Surat Edaran Bupati Indramayu Tidak Cukup Cegah Jual-Beli Jabatan
Bupati Indramayu Nina Agustina menerbitkan surat edaran terkait larangan jual-beli jabatan dalam lingkungan pemerintahan Kabupaten Indramayu, Jawa Barat. Namun, langkah tersebut dinilai belum cukup.
Oleh
ABDULLAH FIKRI ASHRI
·2 menit baca
INDRAMAYU, KOMPAS — Bupati Indramayu Nina Agustina menerbitkan surat edaran terkait larangan jual-beli jabatan dalam lingkungan pemerintahan Kabupaten Indramayu, Jawa Barat. Tanpa sistem dan pengawasan, langkah tersebut dinilai belum cukup untuk mencegah korupsi.
Pengajar Fakultas Hukum Universitas Wiralodra, Indramayu, Saefullah Yamin, menilai, jual-beli jabatan bisa terjadi di bawah tangan. Oleh karena itu, surat edaran saja tidak cukup melarang praktik korupsi. ”Yang penting, masyarakat berani melapor (jual-beli jabatan),” katanya, di Indramayu, Rabu (17/3/2021).
Apalagi, tidak ada mekanisme pelaporan dalam Surat Edaran Nomor 800/231-BKPSDM/2021 tentang Larangan Jual Beli Jabatan Aparatur Sipil Negara di Lingkungan Pemerintah Kabupaten Indramayu. Dalam surat yang diterbitkan Selasa (16/3/2021) itu, pemkab berkomitmen menempatkan ASN berdasarkan kualifikasi, kompetensi, kinerja, serta disiplin secara adil dan wajar.
Surat edaran itu menegaskan, setiap ASN dilarang terlibat jual-beli jabatan pada semua jenjang, seperti pimpinan tinggi pratama, jabatan administrasi, dan jabatan fungsional. Pengisian jabatan pimpinan tinggi pratama melalui seleksi terbuka oleh panitia yang memiliki kompetensi dan bebas dari intervensi pihak mana pun.
Mutasi dan promosi jabatan administrasi dan fungsional dilakukan berdasarkan pertimbangan Tim Penilai Kinerja ASN secara kepemimpinan, kerja sama, kreativitas, tanpa membedakan jender, suku, agama, ras, dan golongan. Para kepala perangkat daerah dan camat diminta menyebarkan isi surat edaran tersebut.
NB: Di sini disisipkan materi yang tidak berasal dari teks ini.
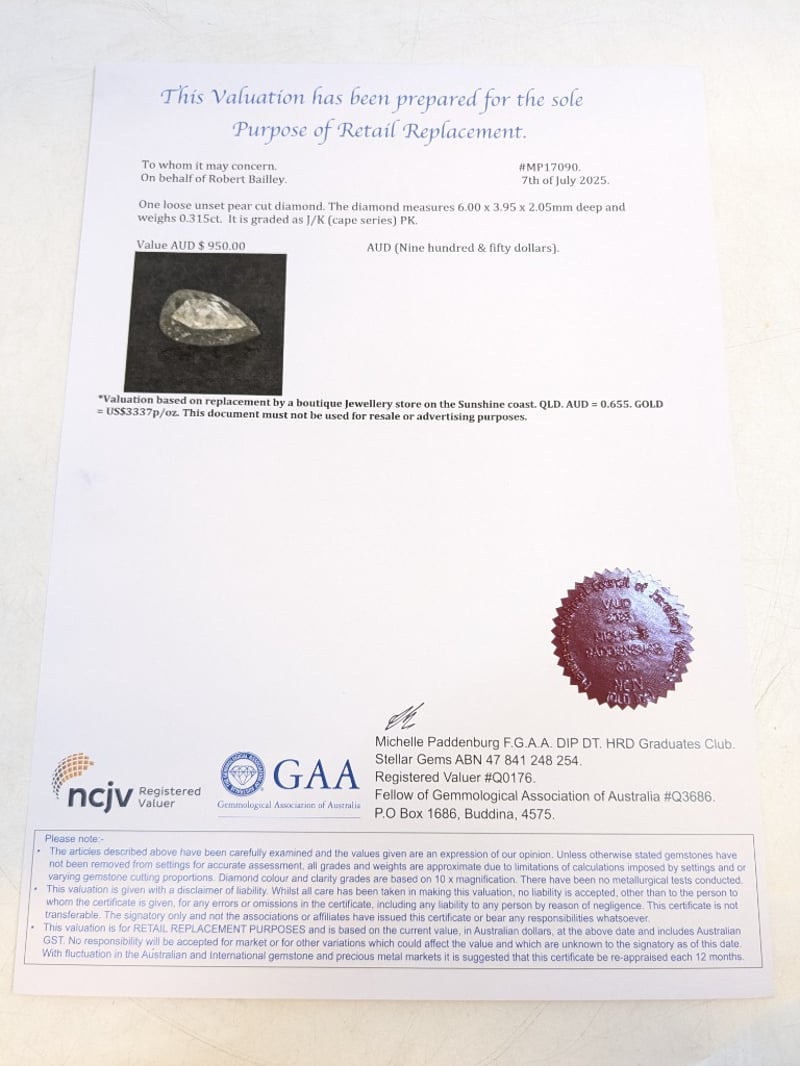 PEAR CUT DIAMOND6 X 3.95 X 2.05Mm Deep, Weight = 0.315CtGrade: J/K (Cape Series) PkCondition: Good - Refer To ImagesThis valuation has been conducted by an independent third-party professional. The valuation amount is an assessment by the issuing valuer and does not reflect the auction value of the item.Any inquiries regarding the valuation should be directed to the issuing valuer (refer to contact details on the certificate), as Lloyds Auctions has no affiliation or influence over the valuation, the valuer, or the stated amount.Insurance Replacement Valuation Amount: $950.00585025+63

Menurut Saefullah, larangan jual-beli jabatan bisa optimal jika dibangun sistem pelaporan dan pengawasan dengan menetapkan sanksi bagi ASN yang melanggar surat edaran. ”Supaya pengaduan tidak bocor, laporan dibuat secara tertulis dan langsung ditujukan kepada bupati. Ini tidak menimbulkan fitnah,” lanjutnya.
Menanggapi hal itu, Nina menegaskan, proses pengisian jabatan transparan melalui open bidding atau lelang jabatan sesuai persyaratan yang berlaku. ”Semua, kan, ada jenjang karier dan syaratnya. Tinggal diikuti saja,” ucapnya.
Nina menuturkan, larangan jual-beli jabatan merupakan wujud komitmennya mencegah korupsi di Indramayu. Apalagi, korupsi beberapa kali menjerat pejabat Indramayu.
Bekas Bupati Supendi, misalnya, ditangkap Komisi Pemberantasan Korupsi terkait proyek infrastruktur, pertengahan Oktober 2019. Ia menyusul Yance, Bupati Indramayu 2000-2010, yang terlibat perkara korupsi pembebasan lahan pembangkit tenaga uap di Desa Sumuradem, Kecamatan Sukra, tahun anggaran 2004. Negara merugi Rp 4,1 miliar akibat korupsi tersebut.
Untuk itu, pemerintahan yang bersih harus dimulai dari proses rekrutmen pejabat hingga ke bawah yang bebas dari upeti. ”Dalam visi-misi, kami sudah tegas tidak bermain pada wilayah korupsi, baik menyangkut jual-beli jabatan maupun fee proyek,” kata Nina yang juga anak mantan Kepala Polri Jenderal (Purn) Da’i Bachtiar.